>>>

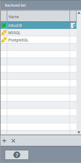 An InfluxDB® backend, An MS SQL® and one PostgreSQL® backend. These three backends are always shown since these are available by default.
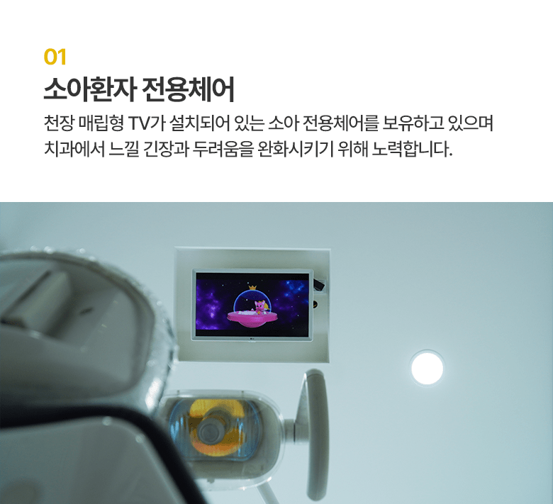 천장 매립형 TV가 설치되어 있는 소아 전용 체어를 보유하고 있으며
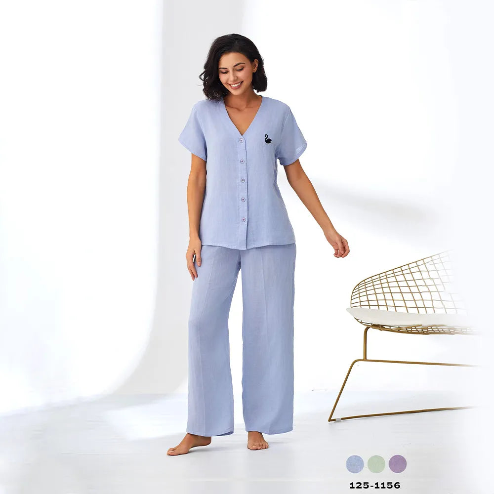 أضيفي هذا الطقم الرائع إلى ملابسك المنزلية، مكون من بلوزة وبنطلون بيجاما، ومزين بطبعات جميلة
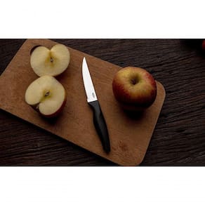 Descrição 1000 caracteres - Conheça a Faca multiuso 4 1/2 polegadas (22 cm) com lâmina aço inoxidável polido cabo plástico preto Cross Brinox. É o produto versátil que completa a sua linha de facas prontas para o uso no seu dia a dia. Com uma lâmina em aço inoxidável temperado com tratamento térmico e acabamento polido, a Faca Multiuso é segura e durável, proporcionando uma excelente afiação por um longo período de tempo. Assim como as demais facas da linha Cross, a Faca Multiuso é durável e eficiente durante o uso. Os cabos ergonômicos em polipropileno, na cor preto possuem textura antiderrapante, são ideais para uso diário no preparo de diversos tipos de alimento, proporcionando maior praticidade durante o corte e limpeza da faca. É leve e segura para cortar, picar e fatiar pequenos alimentos. E para completar a sua experiência na cozinha conheça também a linha completa de facas Cross, afiadores de facas Brinox e tábuas de bambu para corte Haus, você vai brilhar no preparo de alimentos.
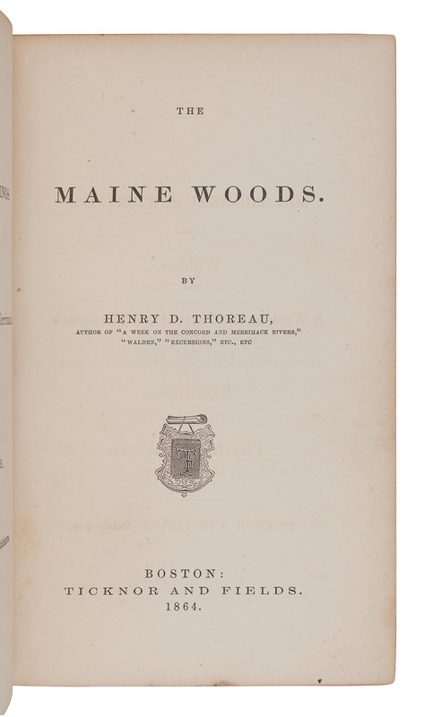 THOREAU, Henry David (1817-1862). The Maine Woods. Boston: Ticknor and Fields, 1864.
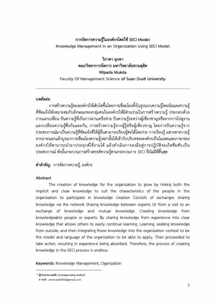 การจัดการความรู้ในองค์กรโดยใช้ SECI Model Knowledge Management in an Organization Using SECI Model : วิภาดา มุกดา
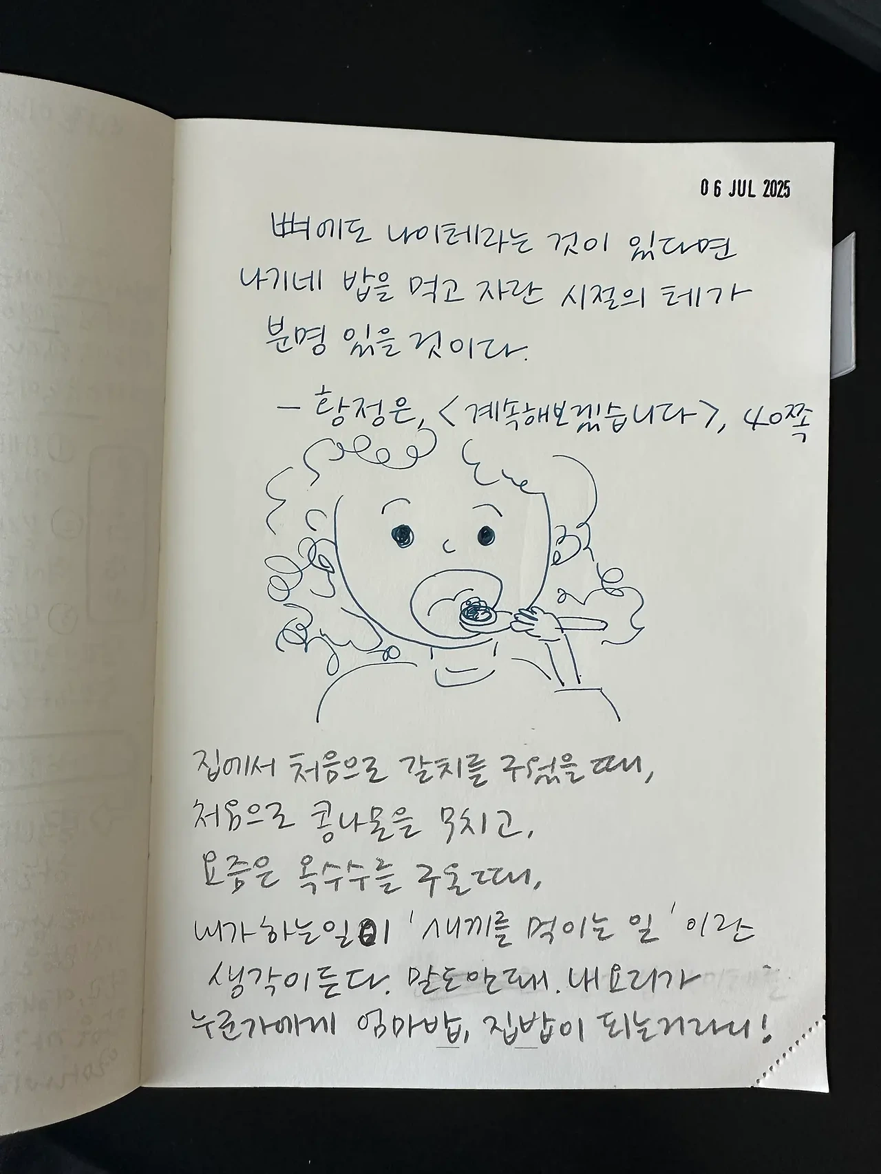딸 입에 넣어주겠다고 처음으로 갈치를 구운 날, 콩나물무침을 처음 해낸 날, 알 수 없이 깊이깊이 뿌듯했는데, 새끼를 먹이는 일을 하고 있어서 그랬구나. 내가 하는 음식이 누군가에게 집밥, 엄마 밥이 되는 거라니 세상에.
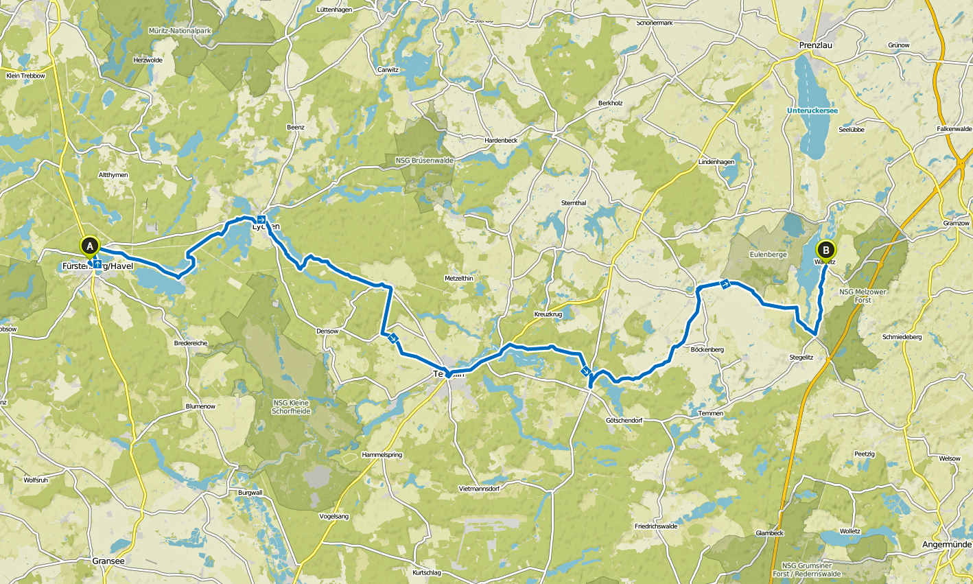 Diese Tour (ca. 78km) ist nicht für Rennrad. Die Route beinhaltet viele Waldwege mit losem Boden(22%). Einige Schtrassenabschnitte sind mit Kopfstein gepflastert(15%). Empfehlenswert ist Trekkingrad mit etwas breiterem Reifen oder Mountainbike. Uckermark geniessen bedeutet auch fast automatisch, viele Auf- und Abfahrten(diesmal je 400m) geniessen. Sie sind zwar alle kurz, aber erfordern eine gute Kondition. Aber über die Hälfte sind Radwege. Viele Strassen sind ziemlich leer. Für Rennrad oder schnellere Tour sollte man Waldwege meiden und ruhige Strassen suchen.
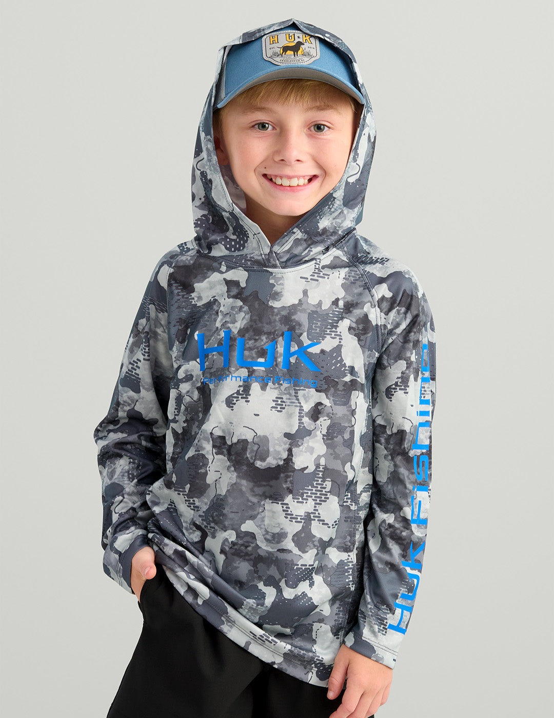 The Huk Kids Pursuit Performance Hoodie is a lightweight, breathable performance garment, uniquely designed for the young angler. Constructed from 100% polyester and boasting a 50+ UPF rating, the mesh sides enhance ventilation and comfort while out on the water. With the Kids Pursuit collection, young fishermen can pursue their passion in style and comfort.
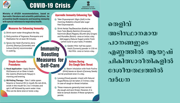 തിരുവനന്തപുരം: തെളിവ് അടിസ്ഥാനമായ പഠനങ്ങളുടെ എണ്ണത്തിൽ ആയുഷ് ചികിത്സാരീതികളിൽ ദേശീയതലത്തിൽ വർധന. 2020 മാർച്ച് 1 മുതൽ 2020 ജൂൺ 25 വരെ ആയുർവേദ വിഭാഗത്തിൽ നിന്നും രജിസ്റ്റർ ചെയ്യപ്പെട്ട പുതിയ ചികിത്സാരീതി കളുടെ എണ്ണം 58 ആണ്.
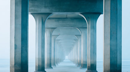 Perspective view beneath Scripps Pier highlighting the concrete pillars extending into the water, with misty waves and sky creating a serene, blurred horizon.
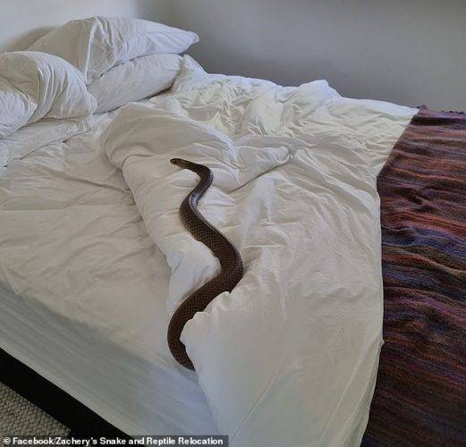 Zachery snapped photos of the snake lounging on the bedding, with the snake appearing both above and below the comforter as though it were taking a daytime nap. Someone wrote on social media that they would “burn the bedding” after having seen the snake on the bed, just knowing that the animal was there for a single second.

<<<

**Exercise requirements**.
When you reach the line holding "THOREAU, Henry David" in the listing above, begin retyping exactly, and stop once the line holding "딸 입에 넣어주겠다고" is done; pictures stay out.

**Exercise result**.
 THOREAU, Henry David (1817-1862). The Maine Woods. Boston: Ticknor and Fields, 1864.
 การจัดการความรู้ในองค์กรโดยใช้ SECI Model Knowledge Management in an Organization Using SECI Model : วิภาดา มุกดา
딸 입에 넣어주겠다고 처음으로 갈치를 구운 날, 콩나물무침을 처음 해낸 날, 알 수 없이 깊이깊이 뿌듯했는데, 새끼를 먹이는 일을 하고 있어서 그랬구나. 내가 하는 음식이 누군가에게 집밥, 엄마 밥이 되는 거라니 세상에.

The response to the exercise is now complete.